# ariosa (musica)



## Frapap

Buongiorno a tutti,

sto traducendo dall'italiano al francese la recensione di un cd di un amico. Spiegando un brano dice che la mélodie è lenta e "ariosa". Il dizionario propone aérée oppure ample. Ma si dice in musica?

Bonjour à tous,

je suis en train de traduire de l'italien au français la recension d'un cd d'un amo. Dans l'explication d'un des morceaux qu'il joue, il dit que la mélodie est lente et "ariosa". Voilà, je en sais pas comment traduire ce mot. Le dico propose aérée ou ample, mais ça se dit en parlant de musique? 

Grazie/Merci!


----------



## Zsanna

Salut,

Je crois qu'on peut utiliser le mot italien en français puisque j'ai trouvé une définition pour cela ici (dictionnaire de musique en français) http://dictionnaire.metronimo.com/index.php?a=list&d=1&p=8&strict=1:

"Nom masculin italien. Air de courtes dimensions dont la forme et le caractère sont ceux d’un récitatif mélodique. Les Cantates de Bach et des Passions en offrent de magnifiques… Voir aussi: Air; Récitatif 0.5 KB"


----------



## urizon9

Ciao,Zsanna! L'ho trovato anch'io ma non ne sono affatto sicuro.Forse non si tratta di musica classica(Frapap?).In quel caso vuol dire sicuramente:" la melodia lenta e *leggera*"(*come l'aria*),cioè *aérée. *


----------



## Frapap

Merci pour vos réponses/ grazie per le vostre risposte!

Urizon 9: no non si tratta di musica classica ma di musica popolare sarda suonata con le launeddas.

Zsanna: J'avais aussi trouvé ce mot mais comme substantif, j'ai besoin d'un adjectif... Je crois que je vais l'éliminer du texte, ce mot n'est pas indespensable. Je l'expliquerai à mon amin...


----------



## Zsanna

Ciao a tutti,

Je suis désolée, c'est vrai. J'étais tellement contente de trouver déjà cela (parce que _aérée_ et _ample_ n'ont rien donné, comme j'avais pensé) que je n'ai pas cherché plus loin. 
Mais c'est bizarre que tandis que selon Petit Robert aussi *arioso *est un substantif, selon Littré c'est un adverbe:

*       arioso* _adv._ Terme de musique. Indique un chant soutenu et approprié aux airs.
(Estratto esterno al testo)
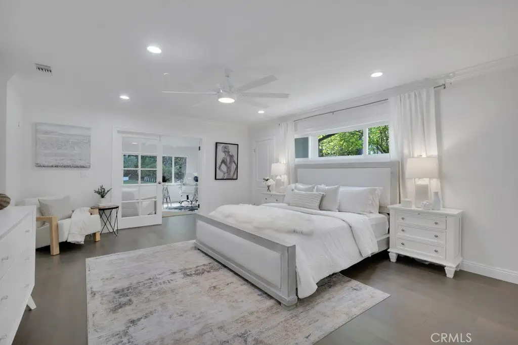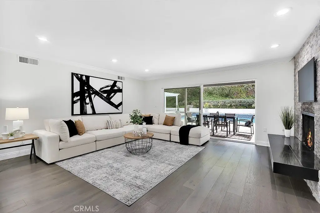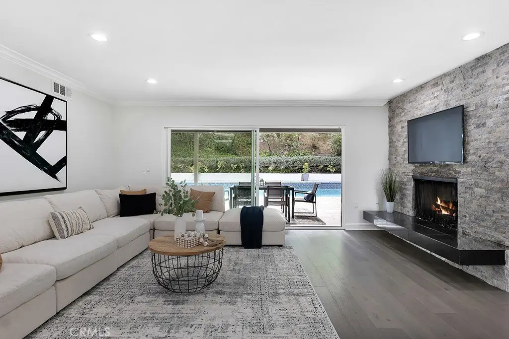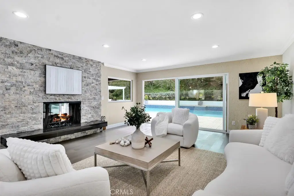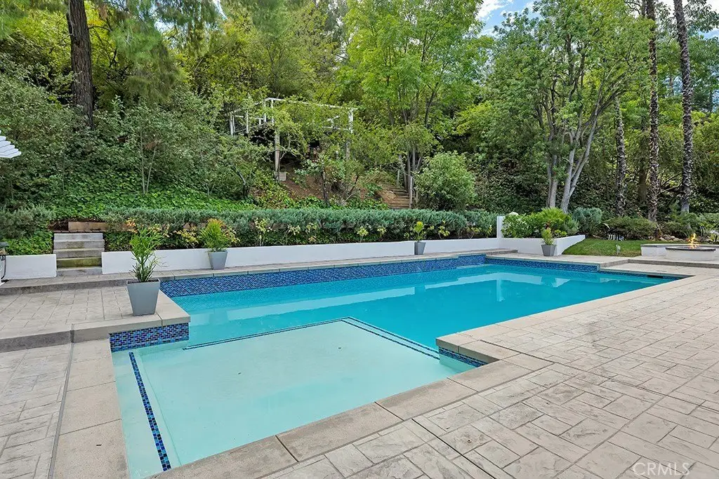Welcome to your private sanctuary tucked away on a peaceful cul-de-sac in the highly sought-after hills of Tarzana. This luxuriously renovated single-story home offers 5 bedrooms, 4 bathrooms, and 3,386 sq ft of refined living space on a sprawling 21,529 sq ft lot designed for both relaxation and entertaining. Step inside to experience the seamless flow of this modern open-concept layout, filled with natural light and sophisticated finishes. The heart of the home is the designer kitchen, featuring custom cabinetry, a striking black arabesque tile backsplash, professional-grade stainless steel appliances, and an oversized granite island perfect for gatherings. The kitchen opens to expansive living and dining areas anchored by a floor-to-ceiling double-sided stone fireplace, creating an inviting ambiance for both casual and formal entertaining. Retreat to the spacious primary suite, complete with a walk-in closet, spa-inspired ensuite, and a private bonus room ideal for a home office, gym, or nursery. Each bedroom is thoughtfully positioned for privacy and comfort, including a guest suite with its own bath. Outside, experience your very own resort-style paradise. The sparkling pool with a Baja shelf invites you to unwind under the California sun, while the covered patio and string-lit pergola offer the perfect setting for al fresco dinners and weekend gatherings. A large grassy lawn provides space for kids or pets to play, complete with a charming 2-story treehouse and slide, while a hillside viewing deck delivers breathtaking sunset views over Tarzana’s rolling landscape. Blending luxury, comfort, and tranquility, this home perfectly captures the essence of Southern California living — a rare find in one of Tarzana’s most desirable neighborhoods. Close to premier shopping, dining, and top-rated schools, this property truly has it all.

Je ne peux pas le juger, par contre, si cela était compris plutôt comme l'un ou l'autre en français. (Cela dépend sûrement aussi de la personne qui l'écoute.)


----------



## itka

Tutti quelli avverbi che danno indicazioni per la musica, di solito,  non si traducono in francese. 
Si usano soltanto le parole italiane :_ lento, presto, allegro ma non troppo,_ etc.

*arioso*, non lo conoscevo, ma troverai qui' qualche indicazione che forse ti aiuteranno.


----------



## urizon9

Hai ragione,itka, ma questa domanda non ha niente a che fare con la musica classica, neanche con gli avverbi.Se non vado errato di solito *non* si usano gli aggettivi italiani per descrivere un brano di musica popolare.Per esempio:Una melodia molto *semplice* (it.)-Une mélodie très* simple*(fr.)


----------



## itka

Non saprei dire se quelle parole non si usano per la musica popolare, ma non ho mai sentito parlare di "une mélodie aérée"... Non penso che sia possibile usare quell'aggetivo per una melodia...
Forse sarebbe una "mélodie légère" ?


----------



## urizon9

Ciao,itka! Io,invece,l'ho sentito molte volte.Ecco una risposta di google(72 000 per "musique aérée"):_Guitare acoustique, flûte, violon, quelques percussions et un accordéon discret suffisent à créer une *musique aérée* et intime._Sicuramente non si può tradurlo "légère" siccome l'aggettivo per questo in italiano è "leggera."
Ma dopo aver riflettuto su questo, credo che sia una domanda più difficile di quanto sembri.(Si tratta anche di uno strumento a *fiato*).


----------



## itka

Ciao Urizon ! 
Ci rifletto ma non riesco ad immaginarmi che tipo di musica sarebbe detta "aérée"...
Non badarci, non m'intendo niente di musica ! Ma stai attento, non fidarti troppo a google dove si trovano tanti orrori ! 
Se trovo qualcosa verro' a dirtelo !


----------